- **RECORDS SUPPLIED**:
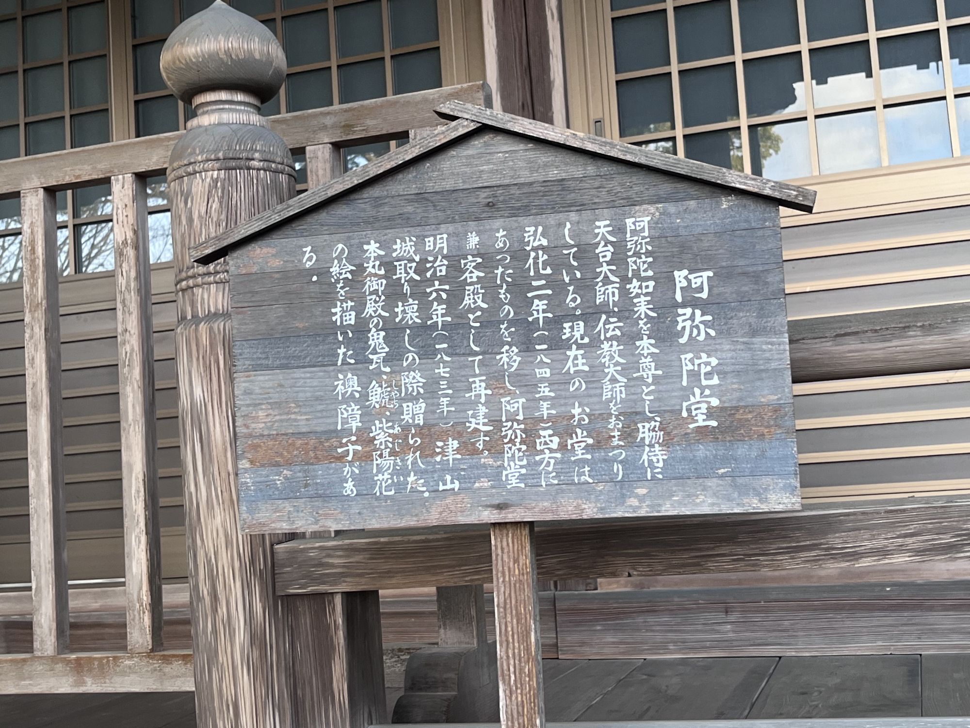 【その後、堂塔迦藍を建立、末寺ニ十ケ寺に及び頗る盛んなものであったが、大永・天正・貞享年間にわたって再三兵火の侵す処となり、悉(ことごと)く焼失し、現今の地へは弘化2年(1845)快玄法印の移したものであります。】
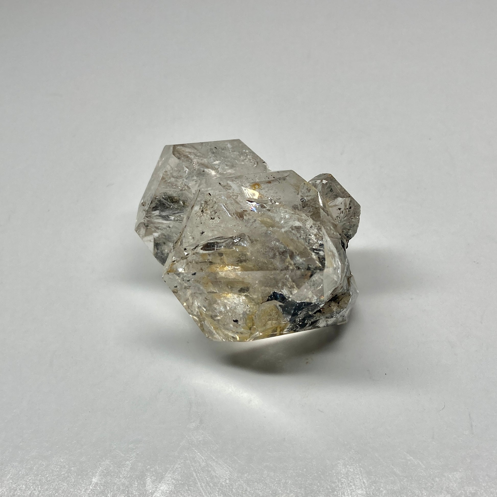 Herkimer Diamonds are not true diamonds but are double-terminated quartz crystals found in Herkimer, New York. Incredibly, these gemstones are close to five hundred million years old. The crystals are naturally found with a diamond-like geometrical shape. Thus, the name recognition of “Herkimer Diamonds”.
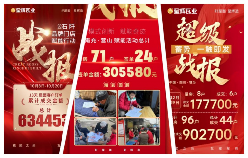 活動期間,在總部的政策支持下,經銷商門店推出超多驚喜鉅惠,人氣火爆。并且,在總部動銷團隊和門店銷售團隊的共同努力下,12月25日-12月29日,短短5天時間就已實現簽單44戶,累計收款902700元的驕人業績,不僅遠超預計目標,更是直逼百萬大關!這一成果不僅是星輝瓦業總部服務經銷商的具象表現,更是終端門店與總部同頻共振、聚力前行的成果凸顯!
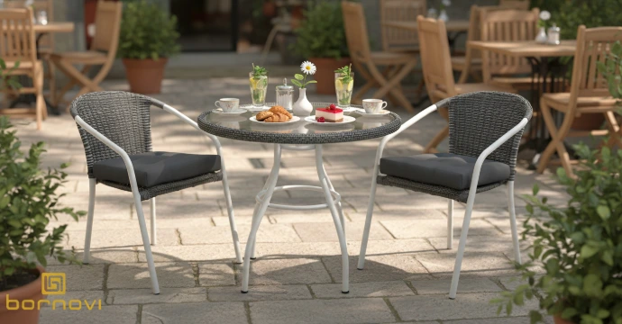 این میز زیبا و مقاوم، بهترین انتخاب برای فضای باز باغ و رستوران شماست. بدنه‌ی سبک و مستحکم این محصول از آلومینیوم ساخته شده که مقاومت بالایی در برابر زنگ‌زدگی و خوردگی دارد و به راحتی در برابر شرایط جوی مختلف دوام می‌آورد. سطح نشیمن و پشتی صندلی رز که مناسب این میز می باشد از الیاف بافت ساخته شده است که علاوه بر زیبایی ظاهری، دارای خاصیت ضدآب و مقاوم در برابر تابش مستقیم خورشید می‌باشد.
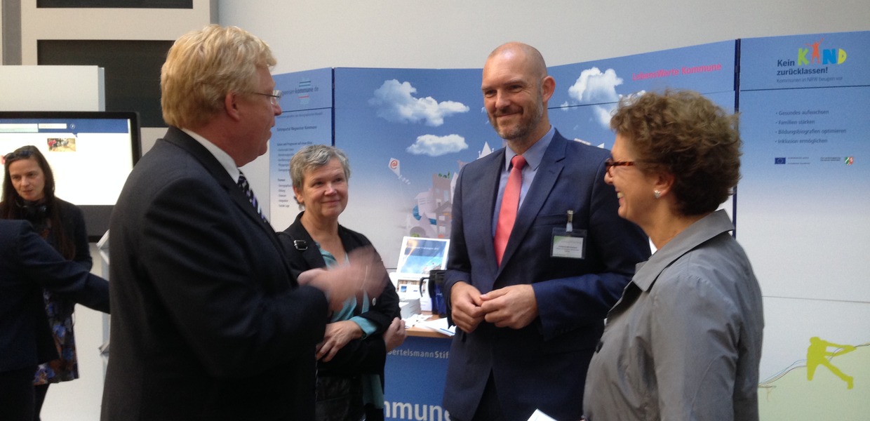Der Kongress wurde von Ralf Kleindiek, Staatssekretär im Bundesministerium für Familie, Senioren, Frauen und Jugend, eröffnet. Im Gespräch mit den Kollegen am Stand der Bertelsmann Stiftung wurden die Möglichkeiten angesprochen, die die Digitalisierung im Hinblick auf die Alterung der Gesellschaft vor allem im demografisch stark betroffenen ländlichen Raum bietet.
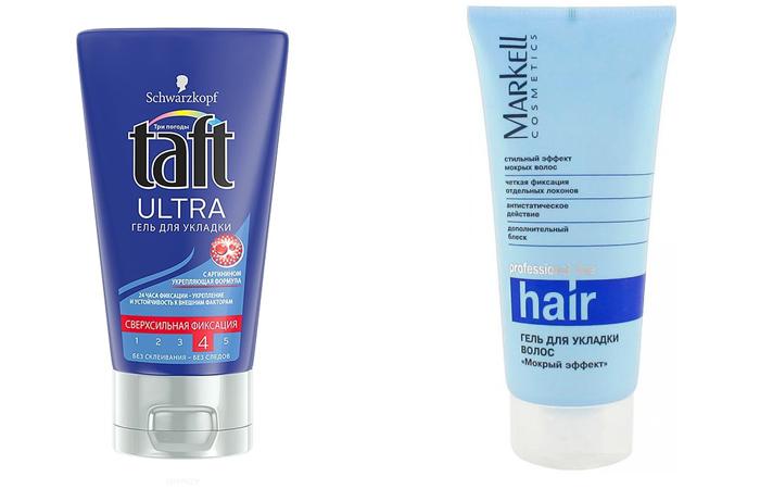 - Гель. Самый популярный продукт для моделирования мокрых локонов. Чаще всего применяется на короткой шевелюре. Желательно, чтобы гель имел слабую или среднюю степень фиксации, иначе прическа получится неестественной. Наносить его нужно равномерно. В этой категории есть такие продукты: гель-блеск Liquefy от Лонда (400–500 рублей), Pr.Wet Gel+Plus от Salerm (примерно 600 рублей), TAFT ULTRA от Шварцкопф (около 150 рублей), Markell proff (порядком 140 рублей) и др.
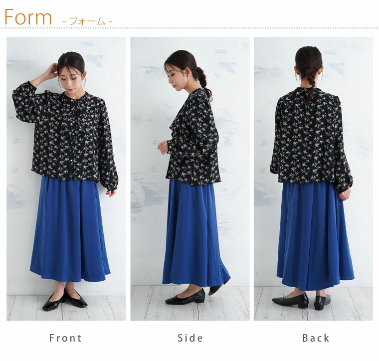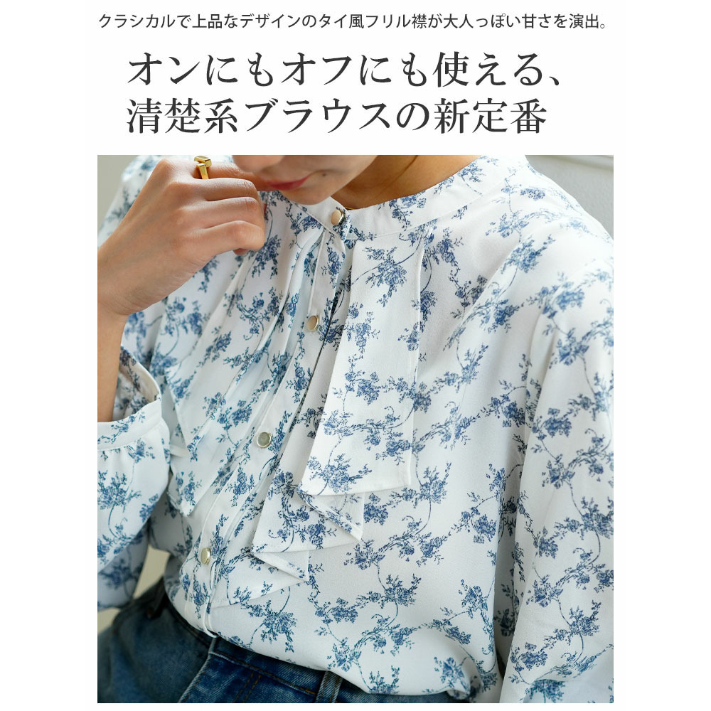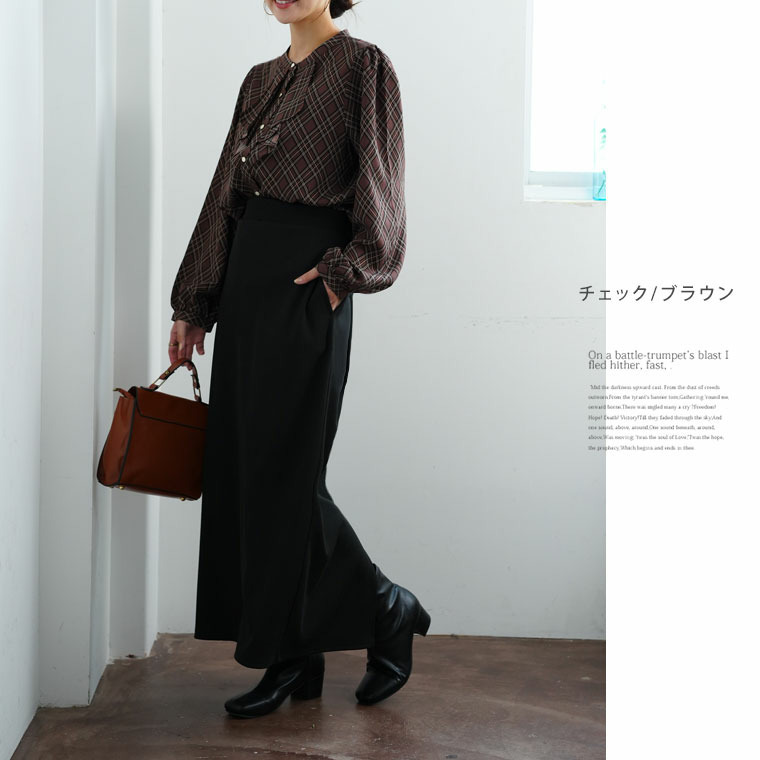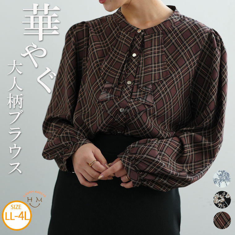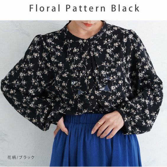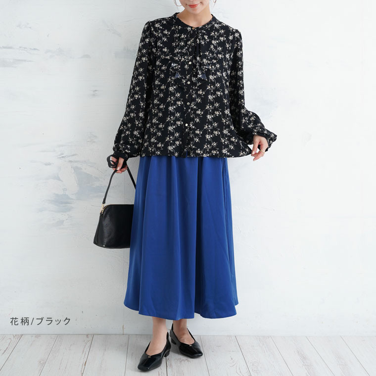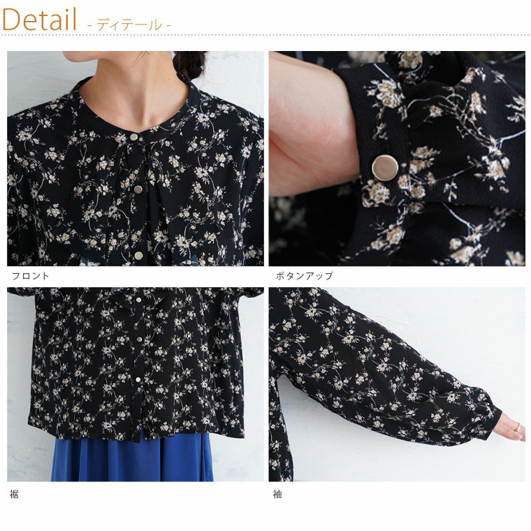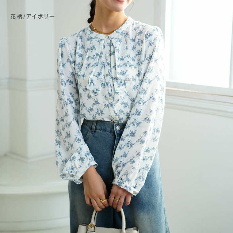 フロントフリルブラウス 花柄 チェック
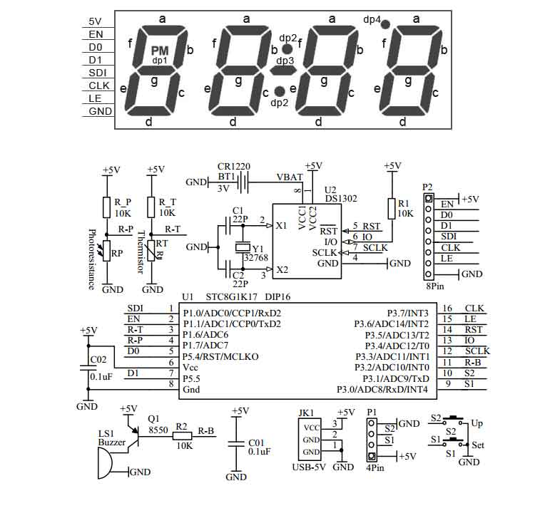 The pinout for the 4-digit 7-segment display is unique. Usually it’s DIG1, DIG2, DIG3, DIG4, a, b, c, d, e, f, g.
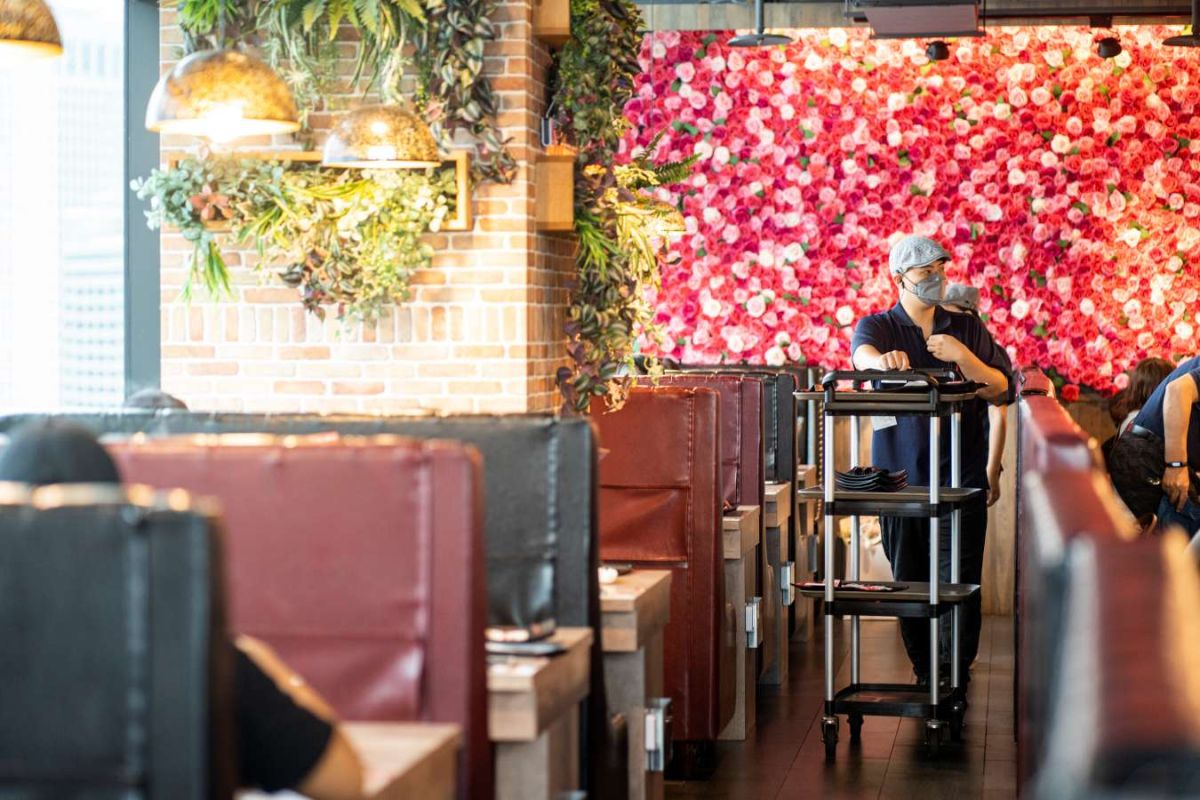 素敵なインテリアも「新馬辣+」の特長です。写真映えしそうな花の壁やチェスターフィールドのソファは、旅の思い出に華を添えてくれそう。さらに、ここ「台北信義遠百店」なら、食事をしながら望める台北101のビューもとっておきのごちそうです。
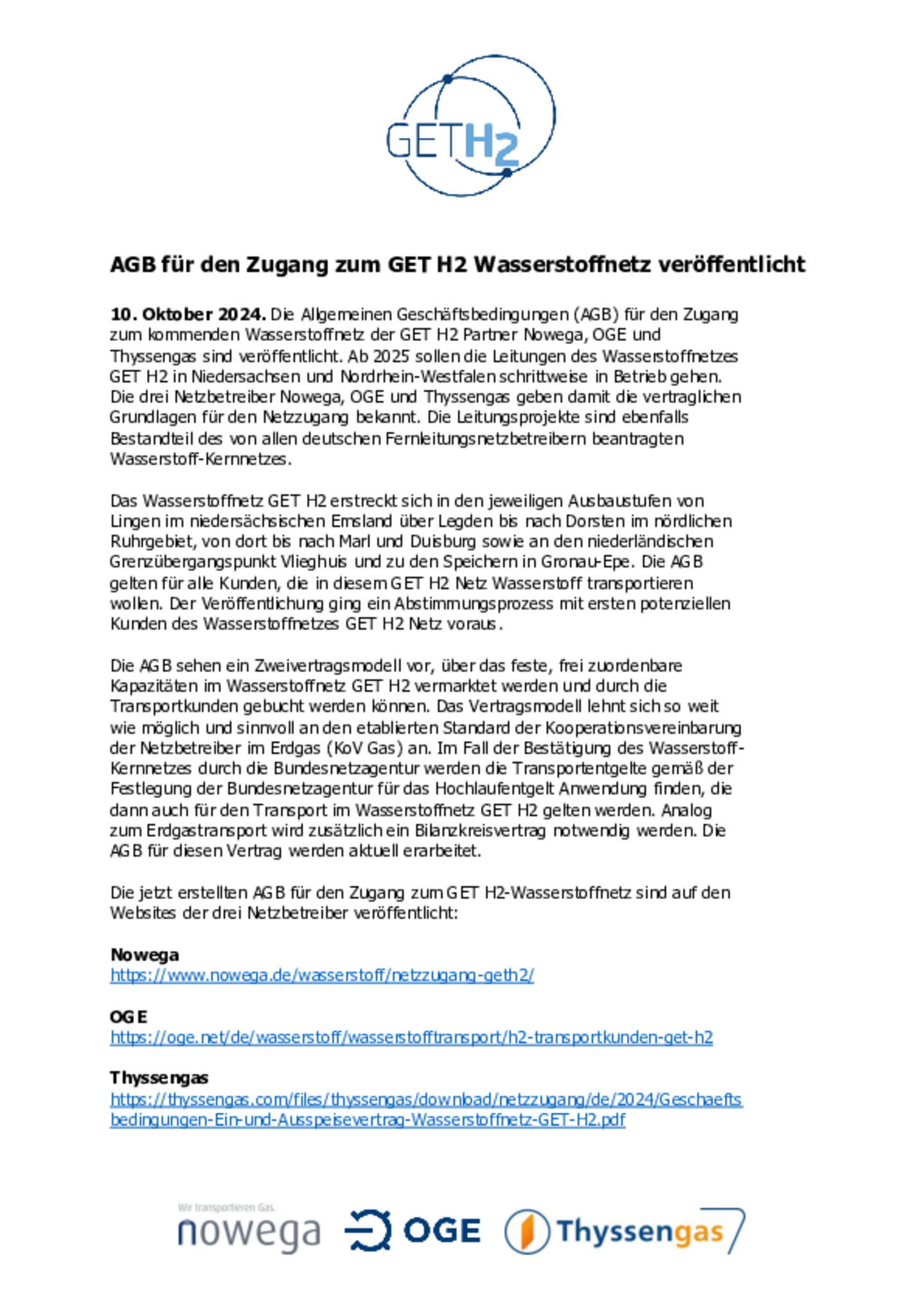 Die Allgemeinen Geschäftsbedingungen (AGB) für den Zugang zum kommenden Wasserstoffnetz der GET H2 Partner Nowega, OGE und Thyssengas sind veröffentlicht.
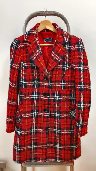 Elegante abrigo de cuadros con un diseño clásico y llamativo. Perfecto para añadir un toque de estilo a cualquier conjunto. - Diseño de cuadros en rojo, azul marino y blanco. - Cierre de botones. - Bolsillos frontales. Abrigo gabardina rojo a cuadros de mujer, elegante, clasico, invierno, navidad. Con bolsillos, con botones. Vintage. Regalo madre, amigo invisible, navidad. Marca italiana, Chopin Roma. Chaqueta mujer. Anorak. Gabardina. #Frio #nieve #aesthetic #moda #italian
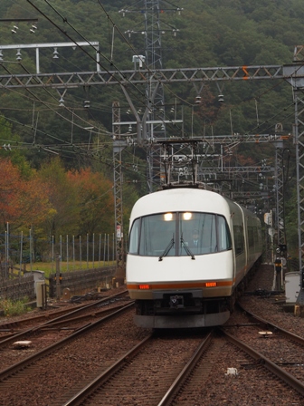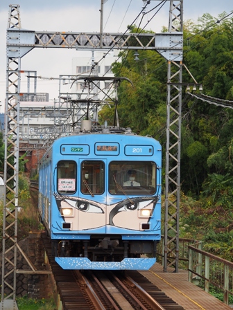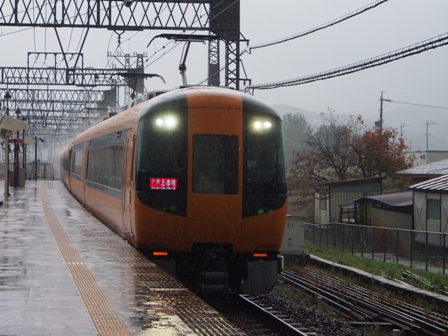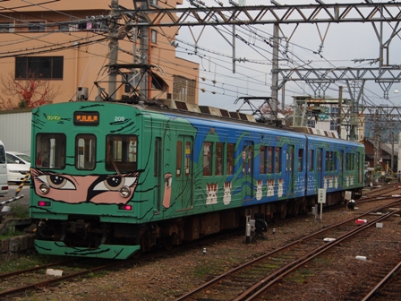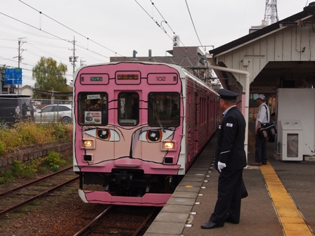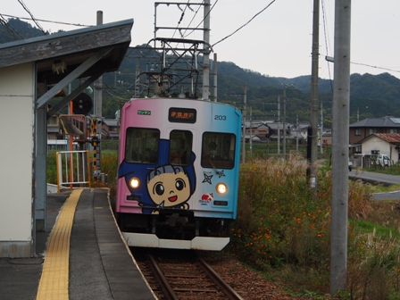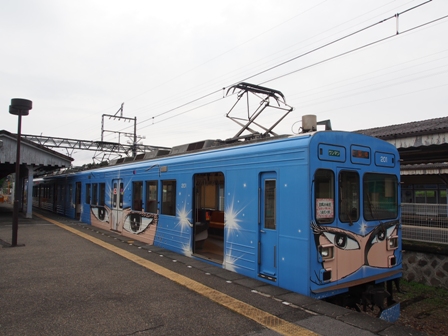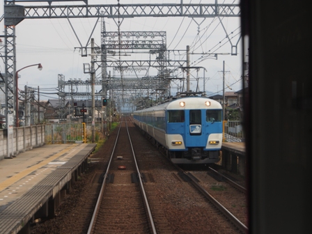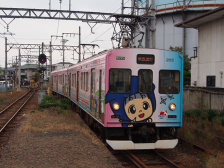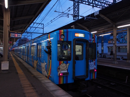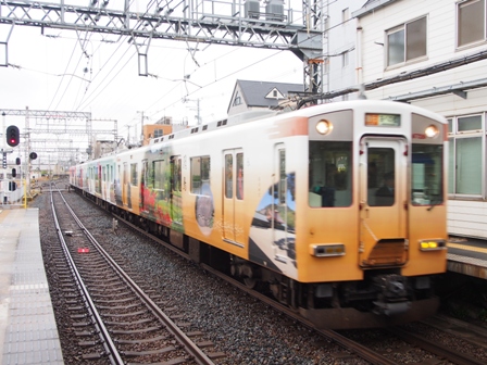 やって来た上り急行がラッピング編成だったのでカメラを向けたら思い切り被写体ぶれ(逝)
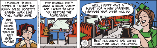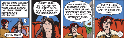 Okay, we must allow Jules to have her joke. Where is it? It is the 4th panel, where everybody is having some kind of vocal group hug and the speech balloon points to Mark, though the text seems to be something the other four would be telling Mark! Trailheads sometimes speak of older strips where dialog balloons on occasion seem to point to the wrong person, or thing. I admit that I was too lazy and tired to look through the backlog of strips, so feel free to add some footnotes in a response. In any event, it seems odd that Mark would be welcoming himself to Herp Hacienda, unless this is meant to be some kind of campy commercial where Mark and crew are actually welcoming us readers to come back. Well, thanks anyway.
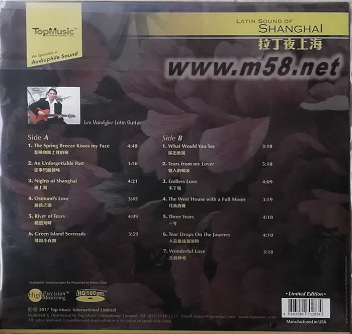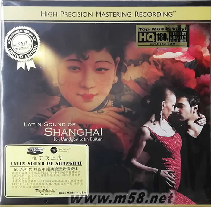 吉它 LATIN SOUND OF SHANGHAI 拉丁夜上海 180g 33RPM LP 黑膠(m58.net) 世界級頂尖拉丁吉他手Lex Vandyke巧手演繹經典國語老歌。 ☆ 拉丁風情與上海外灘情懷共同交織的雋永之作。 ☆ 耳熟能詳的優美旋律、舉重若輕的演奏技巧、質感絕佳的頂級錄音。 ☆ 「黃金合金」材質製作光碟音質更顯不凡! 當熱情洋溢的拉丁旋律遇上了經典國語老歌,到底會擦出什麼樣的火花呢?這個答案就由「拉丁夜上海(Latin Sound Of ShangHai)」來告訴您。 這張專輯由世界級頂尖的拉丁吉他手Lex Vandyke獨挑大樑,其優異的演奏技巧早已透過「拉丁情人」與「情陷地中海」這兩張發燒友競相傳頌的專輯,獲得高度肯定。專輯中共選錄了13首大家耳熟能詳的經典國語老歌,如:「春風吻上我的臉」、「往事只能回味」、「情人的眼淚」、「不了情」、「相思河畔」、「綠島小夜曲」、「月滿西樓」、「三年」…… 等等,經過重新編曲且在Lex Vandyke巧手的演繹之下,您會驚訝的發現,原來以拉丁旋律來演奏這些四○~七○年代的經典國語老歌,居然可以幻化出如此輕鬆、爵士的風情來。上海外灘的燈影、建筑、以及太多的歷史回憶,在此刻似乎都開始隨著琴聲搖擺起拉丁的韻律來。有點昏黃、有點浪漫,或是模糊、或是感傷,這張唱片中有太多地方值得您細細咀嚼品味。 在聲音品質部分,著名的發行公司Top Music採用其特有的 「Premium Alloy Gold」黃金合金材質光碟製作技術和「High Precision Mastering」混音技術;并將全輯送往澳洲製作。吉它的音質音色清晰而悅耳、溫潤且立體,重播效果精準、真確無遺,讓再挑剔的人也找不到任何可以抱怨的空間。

- **WORK REQUEST**: Take the entries above and copy exactly the lines starting at the one with "フロントフリルブラウス 花柄 チェック" and ending at the one with "やって来た上り急行がラッピン"; nothing outside that span, and no pictures.

- **WRITTEN REPLY**:
 フロントフリルブラウス 花柄 チェック
 The pinout for the 4-digit 7-segment display is unique. Usually it’s DIG1, DIG2, DIG3, DIG4, a, b, c, d, e, f, g.
 素敵なインテリアも「新馬辣+」の特長です。写真映えしそうな花の壁やチェスターフィールドのソファは、旅の思い出に華を添えてくれそう。さらに、ここ「台北信義遠百店」なら、食事をしながら望める台北101のビューもとっておきのごちそうです。
 Die Allgemeinen Geschäftsbedingungen (AGB) für den Zugang zum kommenden Wasserstoffnetz der GET H2 Partner Nowega, OGE und Thyssengas sind veröffentlicht.
 Elegante abrigo de cuadros con un diseño clásico y llamativo. Perfecto para añadir un toque de estilo a cualquier conjunto. - Diseño de cuadros en rojo, azul marino y blanco. - Cierre de botones. - Bolsillos frontales. Abrigo gabardina rojo a cuadros de mujer, elegante, clasico, invierno, navidad. Con bolsillos, con botones. Vintage. Regalo madre, amigo invisible, navidad. Marca italiana, Chopin Roma. Chaqueta mujer. Anorak. Gabardina. #Frio #nieve #aesthetic #moda #italian
 やって来た上り急行がラッピング編成だったのでカメラを向けたら思い切り被写体ぶれ(逝)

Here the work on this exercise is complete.